# Surplus stores



## ethan (7 Apr 2006)

i was wondering if anyone had a web site i could go to to find a cadpat jacket,


----------



## army outfitters (7 Apr 2006)

Gee even I know that selling a real cadpat jacket would get you in trouble with the MP's I would not suggest asking such a question here. Good luck


----------



## Lerch (7 Apr 2006)

I'm gonna go ahead and hook you up while following the rules;

Frontenac TW and AR shirts can be found at;
http://www.davesarmysurplus.com
Gucci TW and AR shirts & smocks can be found at;
http://www.dropzonetactical.com

Most surplus stores should carry a CADPAT knockoff of some kind...


----------



## Proud Canadian (7 Apr 2006)

I know this is not a Surplus store but for the real thing 

1-800-856-8488

http://www.army.forces.gc.ca/Chief_Land_Staff/Clothe_the_soldier/hab/2/2423_e.asp


----------



## 762gunner (7 Apr 2006)

I kinda wonder to myself if wearing any kind of cadpat clothing in public is a good idea.  People will assume that such a person is in the military.

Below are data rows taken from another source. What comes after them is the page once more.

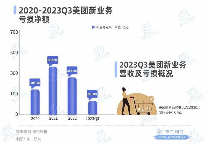 根据美团发布的三季报,2023年Q3美团的新业务收入为188亿元,同比增长15.3%;经营亏损为51亿元,同比收窄24.5%,经营亏损率为27.2%。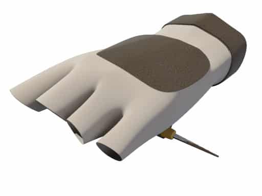 This clever newinvention features a spring loaded pick and an on/off safety switch.  Three fingers are open at the ends fordexterity.  It not only provides warmth& safety, but also comes in multiple glove/mitten versions. The use of the Glove With Retractable Ice Pick, givesusers optimal safety and warmth while enjoying any frozen water activity.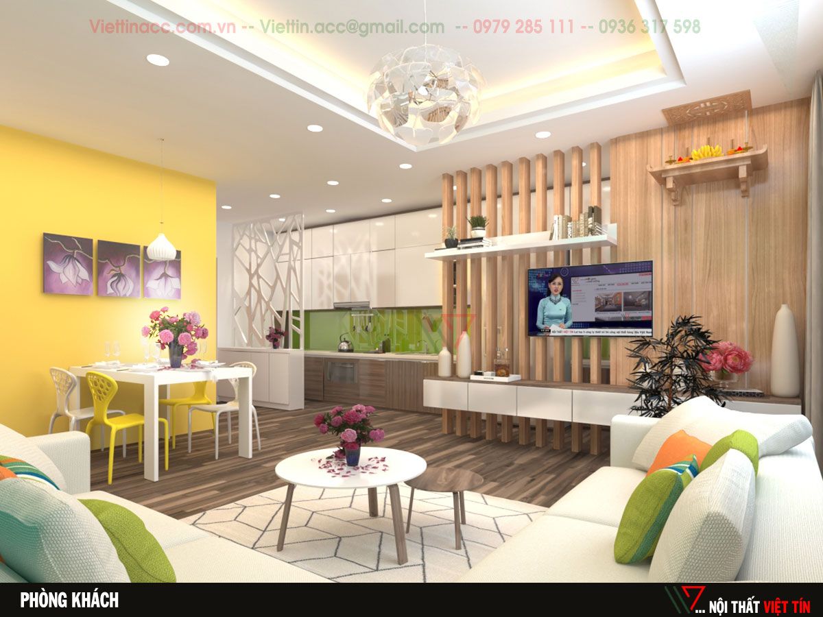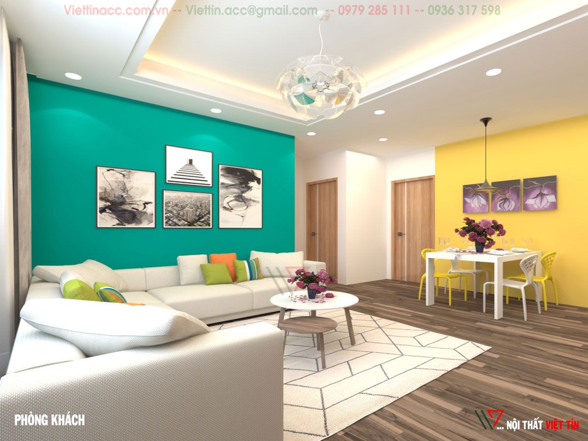 Nội thất Việt Tín đã thiết kế căn hộ với phong cách hiện đại, trẻ trung theo đúng sở thích của cặp vợ chồng trẻ 9x năng động, trẻ trung và thành đạt

     If this person is, then obviously they will know that mixing military clothing with civvies is asking for trouble.  If this person is not in the military, joining up will get them all the cadpat they can wear (and then some).  If said person is not in the military and not joining but wearing cadpat, it might unfortunately not be illegal but it is misleading, to say the least.

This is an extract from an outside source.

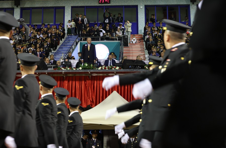 Subay ve astsubaylara hitap eden Erdoğan, "Sevgili genç subay ve astsubaylarımız; sizler bu toprağın sessiz nöbetini tutan o muhteşem iradenin yeni neferlerisiniz. Bugün ailelerinizin gururu, hocalarınızın sevinci, milletin umudusunuz. Yarın karakolda bir amirin, denizde bir komutanın, sahada bir ekibin parçası olacaksınız. Meslek hayatınız süresince inşallah bu millete ve devlete aşkla hizmet edeceksiniz. Gecenin karanlığında bir kapı çalınırsa, ışık siz olacaksınız. Denizin ortasında bir yardım çığlığı yükselirse, imdada siz koşacaksınız. Sınırda dalganın, yaylada rüzgârın, ovada toprağın diliyle konuşacaksınız. Görüyorum ki aranızda çok sayıda kadın subay ve astsubayımız var. Cesaretin cinsiyeti olmaz. Adanmışlığın ölçüsü olmaz. Kadın-erkek hepinizin mensubu olduğunuz kurumu şanla, şerefle temsil edeceğinden hiçbir şüphe duymuyorum.Sizlerden şunu da hiçbir zaman unutmamanızı rica ediyorum: Şöhret geçici, şeref kalıcıdır. Yetki geçici, itibar kalıcıdır. Mevki geçici, iz kalıcıdır. Sizin göreviniz iz bırakmaktır. İyilikte, adalette, merhamette devlete ve millete hizmette iz bırakmak. Her birinizin görevinizi bu şuurla yapacağına yürekten inanıyorum. Bu ocağın kültürü hakiki özgüven, sarsılmaz disiplin, sükunetli cesarettir. Sizden beklentimiz bu üç değeri aynı anda her şartta taşımanızdır. Buradaki her bir arkadaşımdan meslek hayatı boyunca bu değerlere sıkı sıkıya sarılmasını istiyorum. Hükümet olarak biz de sizin vazifelerinizi en iyi şekilde yerine getirmeniz için gerekli imkanları sağlamaya devam edeceğiz. Özellikle sokak çeteleriyle, suç örgütleriyle, zehir tacirleriyle mücadelemizi hukuk çerçevesinde kararlılıkla sürdüreceğiz. Kendini devletten, kanundan ve toplumu var eden temel değerlerden üstün gören her kim varsa hepsinin de tepelerine bineceğiz. Türkiye'nin huzuruna kastedenler, devletimizin tüm güvenlik güçlerinin çelikten iradesiyle karşılaşacaklardır. Rabbim şehit ve gazilerimizin emaneti bu aziz vatana hakkıyla sahip çıkabilmeyi hepimize nasip eylesin diyorum" diye konuştu.

     Pure civvies wearing cadpat are quietly considered by military to be wanna-be losers, and if there's evidence that said civvie is impersonating a military member (perhaps trying to get lucky), they're asking to be a prison b****.  If said person walks into a bar where there are real military people present, they might not walk out.  Some believe one has to EARN the right to wear cadpat. 

     Having a cadpat backpack or a bag is one thing.  Wearing cadpat clothing is quite another, and definitely NOT a good idea.

     Just my opinion.  Cheers.   8)


----------



## Farmboy (8 Apr 2006)

http://www.oneshottactical.com/

 We carry Cadpat Recce smocks etc. made by Drop Zone.

Only top of the line gear though, no surplus.


----------



## chrisf (8 Apr 2006)

Redneck said:
			
		

> Pure civvies wearing cadpat are quietly considered by military to be wanna-be losers, and if there's evidence that said civvie is impersonating a military member (perhaps trying to get lucky), they're asking to be a prison b****.  If said person walks into a bar where there are real military people present, they might not walk out.  Some believe one has to EARN the right to wear cadpat.



People have been wearing military surplus since the institution of crown sales... plenty of hippies and skate punks walking around in old green jackets and pants... and believe me, no one will be mistaking them for being in the military...


----------



## 762gunner (9 Apr 2006)

Of course; sorry about that, I was temporarily narrow-minded.  I was thinking about people that try and use it to their advantage and smear the rest of us.  In fact, a couple of years ago in Edmonton a young fellow was caught trying to forcefully pick up girls in a downtown mall.  It hit the news pretty hard, esp. when the reporter found out that all uniform accoutrements could be purchased at supply stores.  This was in the days of the OD uniform.

     Anyway, enough about that, I suppose.

     Cheers.


----------